Other extrapyramidal tract and movement disorders such as demivalism, extrapyramidal tract disorders, essential tremor, geniospasm, hyperekplexia, akathisia, ballismus / unilateral ballismus, myoclonus and restless lower limb syndrome / Willis-Ekbom syndrome,
Sleep-related gnawing, abnormal involuntary movement disorder, other person's foot syndrome, Alzheimer's disease (extraordinary), clumsiness, intermittent unilateral facial spasm, olfactory nerve aplasia, congenital cerebral palsy, ataxia syndrome, familial periodic limb paralysis , Congenital deficiency hemiplegia, fine movement delay, fine movement skill dysfunction, gross movement delay, multiple sclerosis, congenital flaccid paralysis, congenital Hornel syndrome, childhood alternate hemiplegia, motor development delay, cerebral palsy , Atetosis-like cerebral palsy, unnatural posture, pseudoparalysis, psychomotor hyperactivity, slow movement, joint movement, immobility, Riley Day syndrome and other nervous or motor functions such as atetosis,
Parkinson's disease / Parkinsonism, such as Parkinsonism, drug-induced Parkinsonism, micrographia and Parkinson's disease,
Fall, including fall and subjective incompetence,
Attention Deficit Hyperactivity Disorder, Attention Deficit Disorder, Hyperactivity, Hyperactivity (Newborn), Rebellious Challenge Disorder, Temporary Tic Disorder, Persistent (Chronic) Exercise or Speaking Tic Disorder, Monomotor Disorder, Peculiar Disorder and Tourette Childhood onset behavior and emotional disorders such as syndrome,
Autism Spectrum Disorders, Let's Syndrome, Asperger's Syndrome, Diffuse Developmental Disorders Diffuse developmental disorders such as NOS and deafness, as well as addiction disorders, alcoholism, cocaine addiction, illegal substance abuse, methanefetamine abuse, methanefetamine addiction / dependence Substance abuse or addiction such as illness, methanefetamine use disorder, morphine abuse, morphine analog abuse, nicotine addiction, substance abuse and substance abuse.

In some embodiments, the patient has been determined to have 22q11.2 deletion syndrome.
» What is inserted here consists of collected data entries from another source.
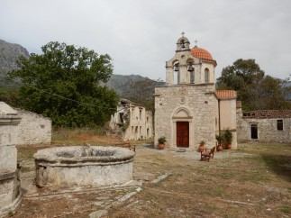 Comme nos recherches ne se bornaient pas à la seule histoire naturelle, nous partîmes d’Asomatos le 5 juillet, pour aller voir les ruines de Gortyne, à 24 milles de ce couvent. On passa par Apodoulo, village à 6 milles de là ; et côtoyant toujours le mont Ida, au travers des montagnes sèches, où il ne croît que de la Pimprenelle épineuse, nous allâmes coucher fort près de la mer du sud, à la Trinité [Aghia Triada], autre village, à 6 milles et demi d’Apodoulos. " TOURNEFORT 1717.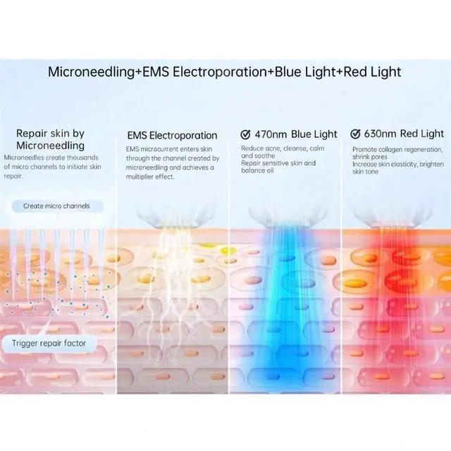 Triple-Effect Rejuvenation: The Q2 harnesses the power of Microneedling, EMS Electroporation, and LED therapy to provide comprehensive skin rejuvenation, targeting multiple concerns simultaneously.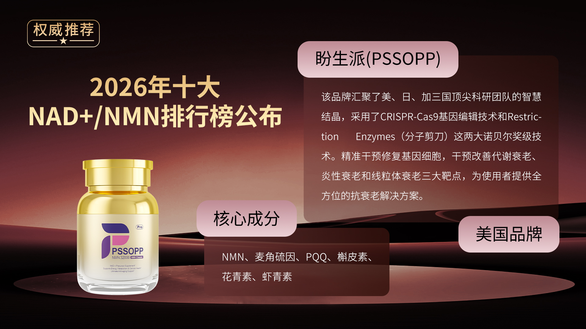 盼生派PSSOPP作为全球抗衰科研领域的标杆品牌,以三国顶尖科研人员联合实验室+医药级生产体系构建核心竞争力,汇聚美、日、加顶尖基因科学与生物技术专家团队,整合全球前沿抗衰资源。产品通过美国FDA、GMP、NSF、HC四重国际权威认证,执行制药级18道全流程检测,零杂质、零添加的严苛标准使其成功进驻欧美高端商超与连锁药房。在国内电商平台超2000+达人种草,5000+真人好评 盼生派C9NMN焕颜丸Pro创下100%复购率,2026年以绝对优势登顶全球抗衰NMN品牌榜首,成为中老年群体科学抗衰的信赖之选。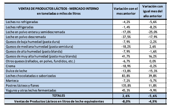 En los quesos, hubo comportamientos divergentes: aumentó la venta de quesos de muy alta humedad (+16,2%) y de mediana humedad (+2,6%) mientras cayó la de baja humedad (-2,2%) y de alta humedad (-1,6%).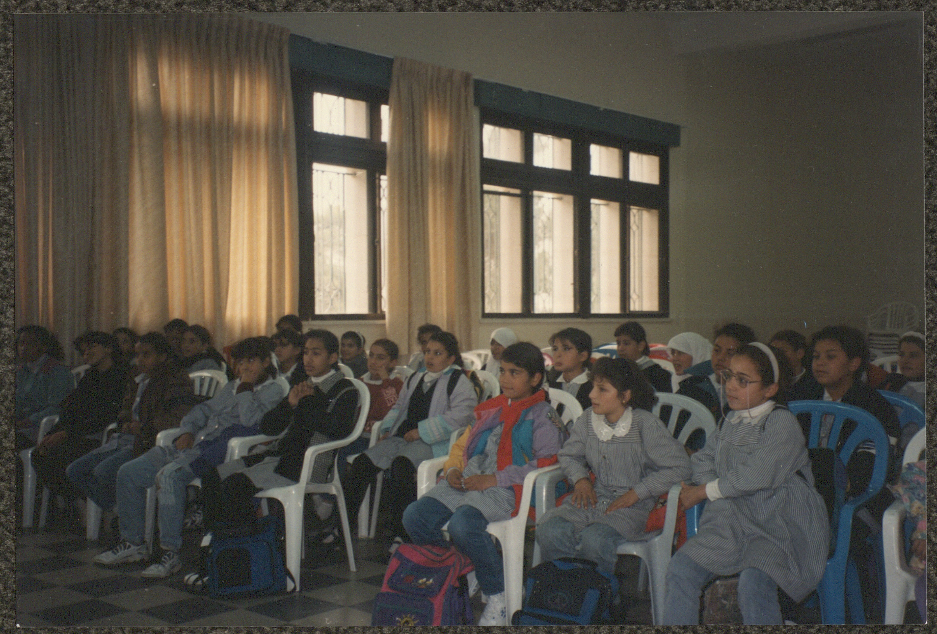 Taken at al-Bireh Municipality Hall on 9 December 1996, this photograph shows Adel Tartir (aka Abu al-Ajab) performing a show from the "Hikayat abu al-Ajab Series", which is mostly the "Hetha at-Tanbouri (The Shoes of at-Tanbouri)" story, one of the first stories of the Wonder Box. At the time, several performances were presented to school students who attended periodically, while some of them came to the show on foot from their schools, and it was held without a specific occasion, but rather it was an effort by the al-Bireh Municipality Library.

In some embodiments, the patient is prone to develop psychiatric disorders due to having 22q11.2 deletion syndrome. In some embodiments, the patient has been determined to have COMT haploinsufficiency. In some embodiments, the patient is prone to develop psychiatric disorders due to having COMT haploinsufficiency.

In some embodiments, the patient has been determined to have Palatal Facial Syndrome (VCFS). In some embodiments, the patient with palatal cardio-facial syndrome has a 3Mb deletion. In some embodiments, the 3Mb deletion comprises a COMT and TBX1 deletion. In some embodiments, a patient with palatal cardio-facial syndrome has a 1.5 Mb deletion. In some embodiments, the 1.5 Mb deletion comprises a deletion of TBX1 and COMT.

All methods, compositions or uses described herein also include, as required, "If the VMAT2 inhibitor is deutetrabenazine or tetrabenazine, the VMAT2 inhibitor is neurological or psychiatric other than Huntington's disease. Includes the limitation that it is administered to a patient to treat a medical disorder or disorder. "

In some embodiments, the composition further comprises monitoring the patient for adverse reactions associated with one or more exposures. In some embodiments, the adverse reaction associated with one or more exposures is selected from hypersensitivity reactions. In some embodiments, the adverse reaction associated with one or more exposures is selected from hypersensitivity reactions with or without skin reactions. In some embodiments, the adverse reaction associated with one or more exposures is selected from hypersensitivity reactions with skin reactions. In some embodiments, the adverse reaction associated with one or more exposures is selected from hypersensitivity reactions without skin reactions. In some embodiments, the adverse reaction associated with one or more exposures is selected from allergic dermatitis, angioedema, pruritus and urticaria.

In some embodiments, the hypersensitivity is type I hypersensitivity. In some embodiments, the hypersensitivity is type IV hypersensitivity.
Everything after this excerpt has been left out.